I've planned to make red wine at home this year and I ordered some Additives such as "Campden Tablets" and "Tartaric Acid" from outside the Country , as there are no wine supply stores in my Country . 

It takes 60 days for the Additives to reach me BUT perfectly ripened wine grapes are coming to stores in about 40 days . 

Is it a good idea to buy grapes in advance and keep them or their juice frozen untill I receive the Additives ?!

Thanks ,

Hector


----------



## Wade E (Aug 9, 2009)

Are they fresh or frozen grapes. If they are already frozen then it is absolutely fine. If they are not frozen then picking them up at the last minute and keeping them cold would be fine, not sure about freezing the juice but the grapes should be fine to freeze.


----------



## hector (Aug 10, 2009)

*fresh grapes*

Hi dear Wade and thanks for your Reply !

The grapes which I'm going to buy are fresh and ripe . 
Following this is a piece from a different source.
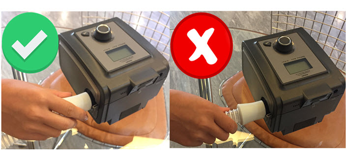 2. ท่อบิด หากมีการบิดของตัวท่อ จะทำให้การไหลของแรงดันไม่ดี ผู้ใช้จะรู้สึกว่าแรงลมรักษาเบา และใช้เครื่องได้ไม่ดีเท่าที่ควร

I would like to know if I can keep them cold in refrigerator for 

about 20 days , as you said it's better not freezing them . 
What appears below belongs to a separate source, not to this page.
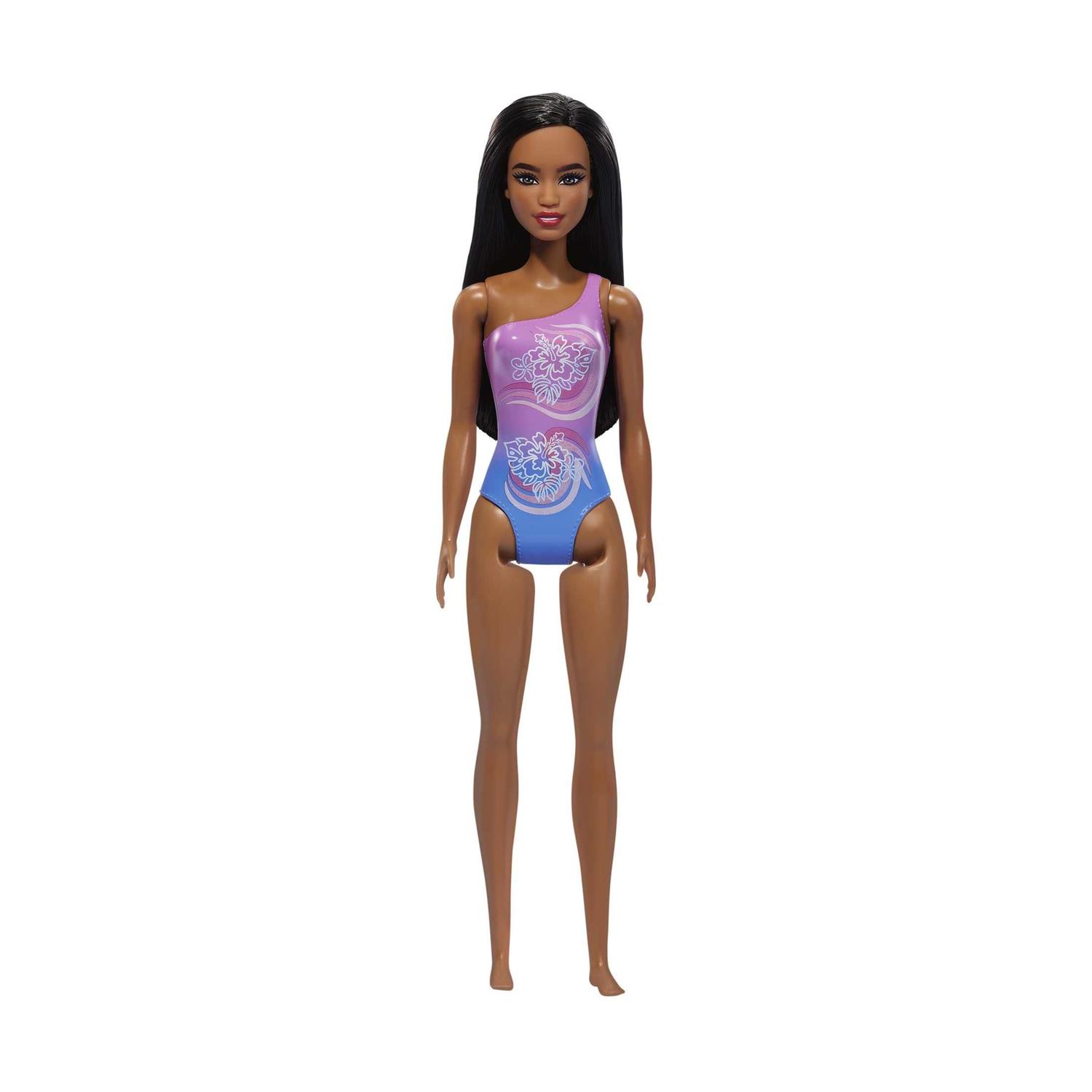 - Doll Appearance: Dark skin tone, tropical pink and blue swimsuit

Although , I've heard that freezing leads to more juice at the end . 

Hector


----------



## Leanne (Aug 10, 2009)

I have often used frozen grapes. Sometimes I have way to many for immediate needs so I freeze them in a freezer bag and then just take them out as I need them for the next batch of wine. Much more juice too.


----------



## St Allie (Aug 10, 2009)

Hector,

Check the bakery aisle in your supermarket, tartaric acid and citric acids are a common baking item, your local supermarket should have it on their shelves.

Allie


----------



## Wade E (Aug 10, 2009)

Freezing them wont hurt them and if you dont have a press it might be the better way to go. 20 days might be a little to long unless you are talking about almost frozen temps, not really sure how long they will last at fridge temps so dont want to stare you wrong. Id feel safer with you freezing them unless you can keep them chilled and waych them frequently and once you see any signs of spoilage freeze them.


----------



## grapeman (Aug 15, 2009)

What variety of grapes are these? Do you have any harvest type numbers for pH, brix or acidity? Depending on the ripeness and variety, you probably don't need to add acid, so the tartaric wouln't be needed. It may also not be necessary to add any k-meta in the form of powder or the tablets(campdens). Depending on origin, they may have been pretreatedwith sulfites to help prevent spoilage. If the acidity was ok, I would just go ahead and crush them and pitch the yeast. This is especially so if you plan on doing a malolactic fermentation (mlf). You want low levels of sulfites for MLF to work. Once the MLF is done, then you add sulfites to proper levels.


----------